Not like it matters so much but anyways. Feel free to skip that section if you have little interest in computer science.
Alright, let's build the concept progressively.
An automaton is a construct made of states designed to determine if a sequence of inputs should be accepted or rejected. It looks a lot like a basic board game where each space on the board represents a state. Each state has information about what to do when an input is received by the machine (again, rather like what to do when you land on the Jail spot in a popular board game). As the machine receives a new input, it looks at the state and picks a new spot based on the information on what to do when it receives that input at that state. When there are no more inputs, the automaton stops and the space it is on when it completes determines whether the automaton accepts or rejects that particular set of inputs.
State machines and automata are essentially interchangeable terms.

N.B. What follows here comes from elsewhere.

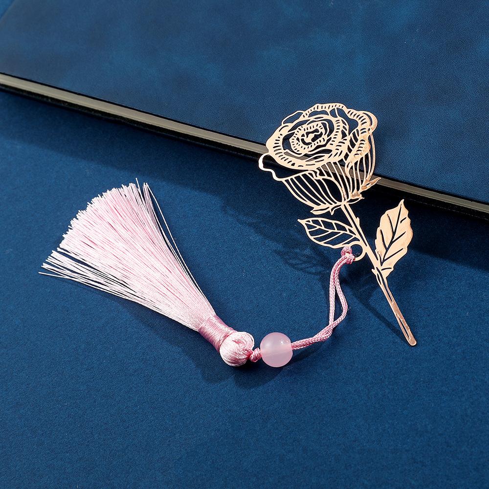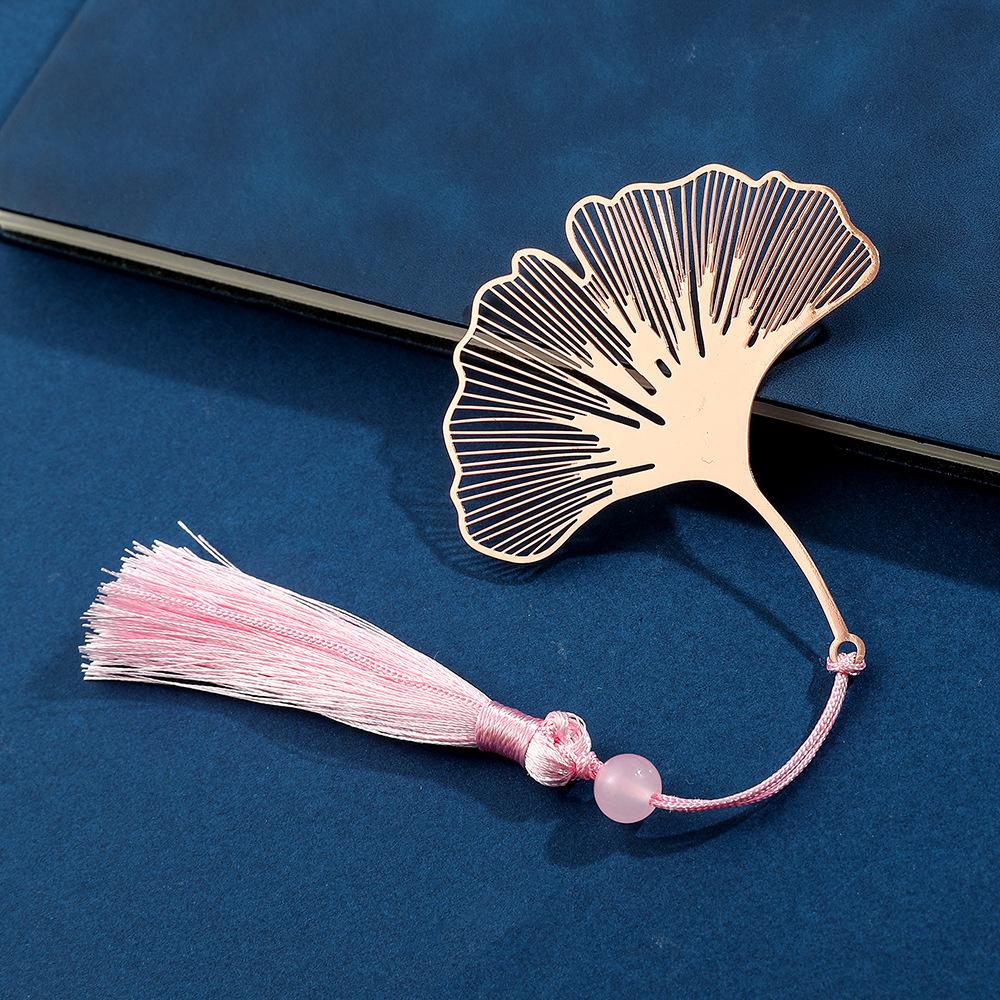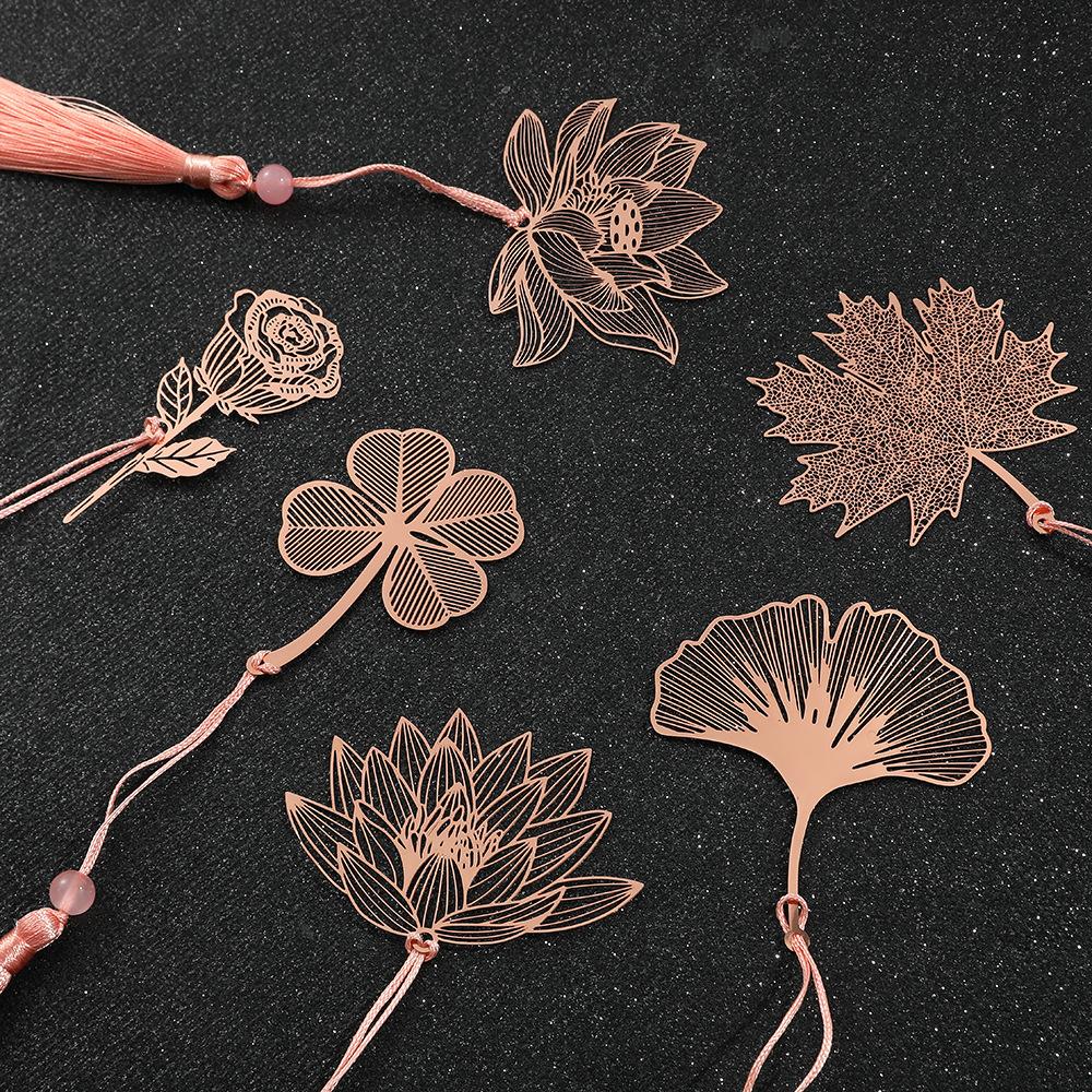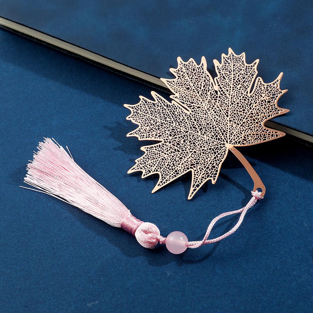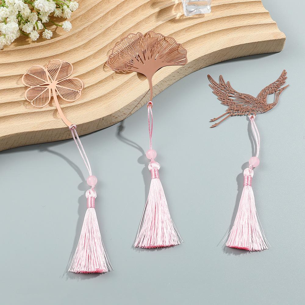 Pink sycamore leaf single bookmark, Pink lotus single bookmark, Pink lotus single bookmark, Pink four-leaf clo...

Automata is the favored term when connoting automata theory, while state machines is more often used in the context of the actual or practical usage of automata.

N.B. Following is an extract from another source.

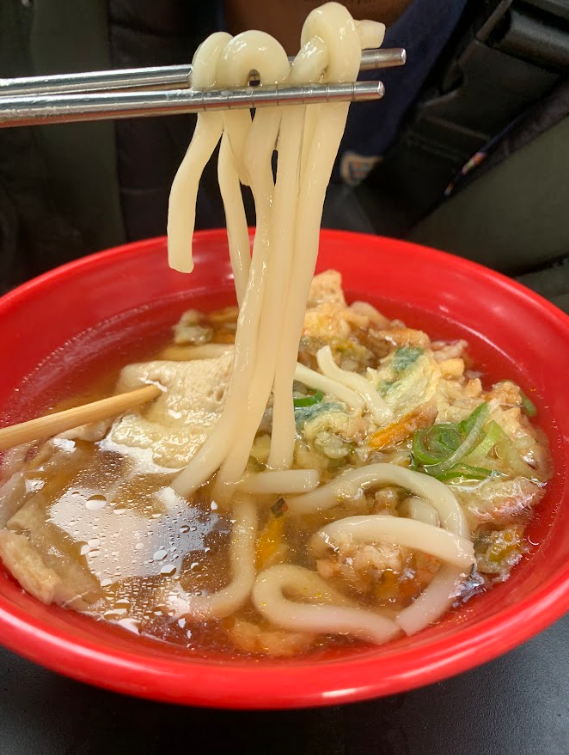 I wanted something warm since the skewer wasn't very satisfying and it was still quite cold out so Sean went to get a bowl of warm udon for us to share.

An extended state machine is a state machine endowed with a set of variables, predicates (guards) and instructions governing the update of the mentioned set of variables. To any extended state machines it corresponds a standard state machine (albeit often one with a far greater number of states) with the same semantics.
A hierarchical state machine is a state machine whose states can be themselves state machines. Thus instead of having a set of states as in standard state machines, we have a hierarchy (tree) of states describing the system under study.
A state transducer is a state machine, which in addition to accepting inputs, and modifying its state accordingly, may also generate outputs.
We propose here a library dealing with extended hierarchical state transducers, i.e. a state machine whose states can be other state machines (hierarchical part), which (may) associate an output to an input (transducer part), and whose input/output relation follows a logic guided by predefined control states (state machine part), and an encapsulated memory which can be modified through actions guarded by predicates (extended part).
Note that if we add concurrency and messaging to extended hierarchical state transducers, we get a statechart. We made the design decision to remain at the present level, and not to incorporate any concurrency mechanism.1
- statecharts include activities and actions which may produce effects, and concurrency. We are seeking an purely computational approach (i.e effect-less) to facilitate composition, reuse and testing.
- In the absence of concurrency (i.e. absence of parallel regions), a statechart can be turned into a hierarchical state transducer. That is often enough!
- there is no difference in terms of expressive power between statecharts and hierarchical transducers2, just as there is no difference in expressive power between extended state machines and regular state machines. The difference lies in naturalness and convenience: a 5-state extended state machine is easier to read and maintain than the equivalent 50-state regular state machine.
- we argue that convenience here is on the side of being able to freely plug in any concurrent or communication model fitting the problem space. In highly concurrent systems, programmers may have it hard to elaborate a mental model of the statecharts solely from the visualization of concurrent statecharts.
- some statecharts practitioners favor having separate state charts communicating3 in an ad-hoc way rather than an integrated statechart model where concurrent state charts are gathered in nested states of a single statechart. We agree.